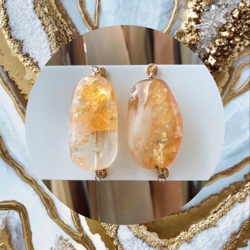 These statement pieces feature very large rare citrine stones - so rare that there is only 1 set available. They are gorgeous with different naturally occurring details throughout.
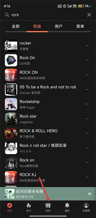 1、打开街声App,我们点击底部【动态】按钮,进入动态板块,这里能查看关注的音乐人动态哦。
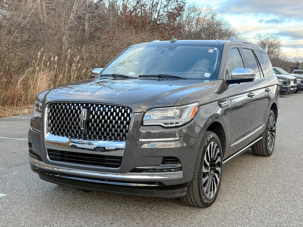 Certified. Dark Gray Metallic 2024 Lincoln Navigator Black Label 4WD 10-Speed Automatic V6 Dealer Detailed, Oil Change, Dealer Inspected, 28 Speakers, 3.73 Axle Ratio, 3rd row seats: split-bench, 4-Wheel Disc Brakes, ABS brakes, Adaptive suspension, Adjustable pedals, Air Conditioning, Alloy wheels, AM/FM radio: SiriusXM with 360L, Apple CarPlay/Android Auto, Audio memory, Auto High-beam Headlights, Auto Start-Stop Technology, Auto tilt-away steering wheel, Auto-dimming door mirrors, Auto-dimming Rear-View mirror, Auto-leveling suspension, Automatic temperature control, Bodyside moldings, Brake assist, Bumpers: body-color, Compass, Delay-off headlights, Driver door bin, Driver vanity mirror, Driver's Seat Mounted Armrest, Dual front impact airbags, Dual front side impact airbags, Electronic Stability Control, Emergency communication system: 911 Assist, Exterior Parking Camera Rear, Floor Carpet/Mats - Espresso w/Dinamica Suede, Four wheel independent suspension, Front anti-roll bar, Front Bucket Seats, Front dual zone A/C, Front fog lights, Front reading lights, Fully automatic headlights, Garage door transmitter, Genuine wood console insert, Genuine wood door panel insert, Head restraints memory, Headliner - Alpine Dinamica Suede, Heads-Up Display, Heated door mirrors, Heated front seats, Heated rear seats, Heated steering wheel, HVAC memory, Illuminated entry, Lane Departure Warning System, Leather steering wheel, Leather-Wrapped Interior - Alpine w/Black Stitch, Low tire pressure warning, Memory seat, Navigation system: Connected Navigation (1-year trial), Occupant sensing airbag, Outside temperature display, Overhead airbag, Overhead console, Panic alarm, Passenger door bin, Passenger seat mounted armrest, Passenger vanity mirror, Pedal memory, Power adjustable front head restraints, Power adjustable rear head restraints, Power door mirrors, Power driver seat, Power Liftgate, Power moonroof: Panoramic Vista Roof, Power passenger seat, Power steering, Power windows, Radio data system, Radio: Revel Ultima 3D Audio System w/28 Speakers, Rain sensing wipers, Rear air conditioning, Rear anti-roll bar, Rear audio controls, Rear reading lights, Rear seat center armrest, Rear window defroster, Rear window wiper, Reclining 3rd row seat, Remote keyless entry, Security system, Silverwood Recon Appliques, SiriusXM w/360L, Speed control, Speed-sensing steering, Speed-Sensitive Wipers, Split folding rear seat, Spoiler, Steering wheel memory, Steering wheel mounted audio controls, SYNC 4 Communications & Entertainment System, Tachometer, Telescoping steering wheel, Tilt steering wheel, Traction control, Trip computer, Turn signal indicator mirrors, Variably intermittent wipers, Venetian Lthr Auto Htd/Ventilatd Capt's Chairs (B), Ventilated front seats, Ventilated rear seats, Voice-Activated Touchscreen Navigation System, Wheels: 22" 14-Spoke Bright Machined Aluminum.
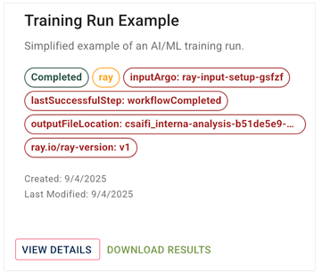 1. To watch your job start, view logs, iterate on your script, and track progress, go to RESEARCH > AI/ML > Training Runs, and click View Details. To see the most recent runs, sort by date. For details, see Review an AI/ML Training Run (Tutorial).

════

Assignment: Restate exactly, please, only the lines between the start of the data and the line containing "1、打开街声App,我们点击", both ends included, skipping the pictures.

Exercise answer:
 These statement pieces feature very large rare citrine stones - so rare that there is only 1 set available. They are gorgeous with different naturally occurring details throughout.
 1、打开街声App,我们点击底部【动态】按钮,进入动态板块,这里能查看关注的音乐人动态哦。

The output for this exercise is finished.